Activity: Output, word for word, the line that contains "Turkish Festival at Hollywood Beach-2010" and all lines after it in the records below, omitting pictures.
### Records to process
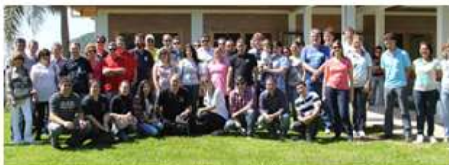
Comunicadores em Piratuba

22/11 - No último sábado (19) o Consórcio Machadinho promoveu o II Encontro de Confraternização da Imprensa Regional. Ao todo participaram mais de 50 comunicadores representando 20 meios de comunicação de toda a região abrangida pela Usina Hidrelétrica Machadinho.
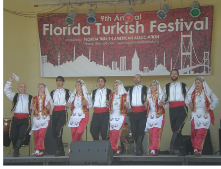
Turkish Festival at Hollywood Beach-2010
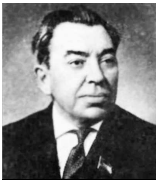
ИВАН ПЕТРОВИЧ ШУХОВ.

ривал в большой печати. Радовался и не знал, что над Шуховым гремел гром. На второй день после поступления журнала в продажу в ЦК республики поступил донос:
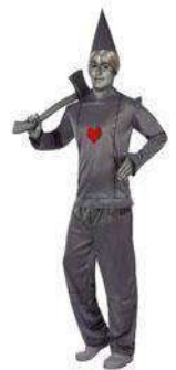
14-HOMBRE DE HOJALATA
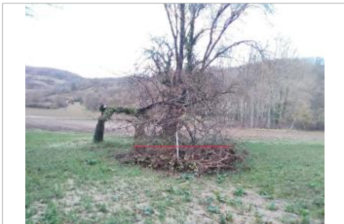
Arbre rive droite

Coordonnées WGS84 : X: 1.97123869 / Y: 43.02181900
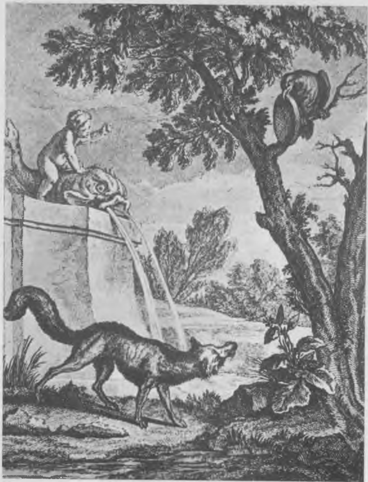
Le Corbeau et le Renard, par Oudry
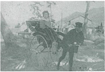
人力車に乗る女性
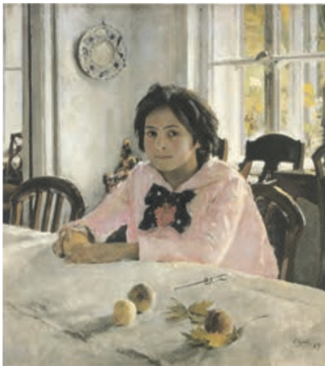
تصویر ۳-۲۵- اثر والتین سرف، رنگ روغن روی بوم، (۸۵×۹۱ سانتی‌متر)
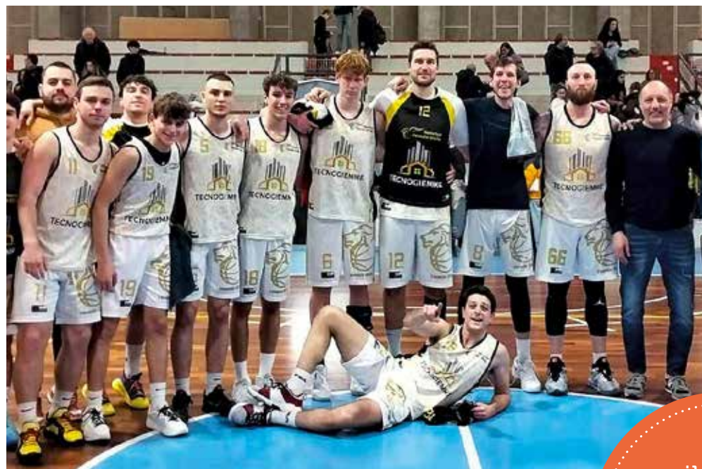
📷 Nuova vittoria per la Tecnogiemme Venezia Giulia, capolista nel girone di DR1
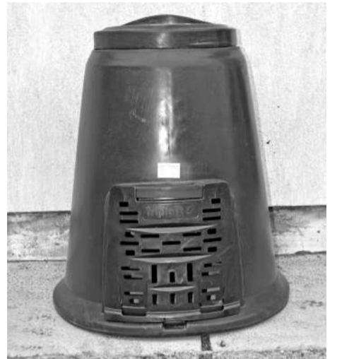
Incinte pentru compostare individuală
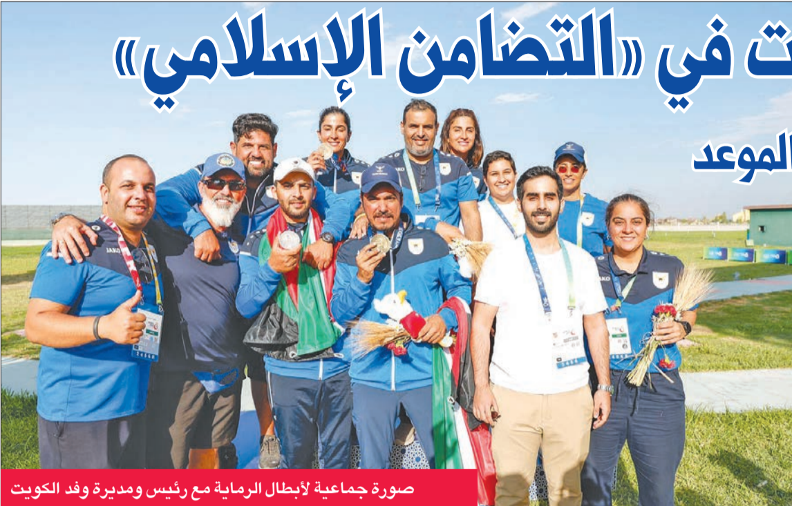
صورة جماعية لإبطال الرماية مع رئيس ومديرة وفد الكويت

«الرمية» تواصل تألقها و«الدراجات الهوائية» على الموعد
######
Written response:
Turkish Festival at Hollywood Beach-2010
ИВАН ПЕТРОВИЧ ШУХОВ.

ривал в большой печати. Радовался и не знал, что над Шуховым гремел гром. На второй день после поступления журнала в продажу в ЦК республики поступил донос:
14-HOMBRE DE HOJALATA
Arbre rive droite

Coordonnées WGS84 : X: 1.97123869 / Y: 43.02181900
Le Corbeau et le Renard, par Oudry
人力車に乗る女性
تصویر ۳-۲۵- اثر والتین سرف، رنگ روغن روی بوم، (۸۵×۹۱ سانتی‌متر)
📷 Nuova vittoria per la Tecnogiemme Venezia Giulia, capolista nel girone di DR1
Incinte pentru compostare individuală
صورة جماعية لإبطال الرماية مع رئيس ومديرة وفد الكويت

«الرمية» تواصل تألقها و«الدراجات الهوائية» على الموعد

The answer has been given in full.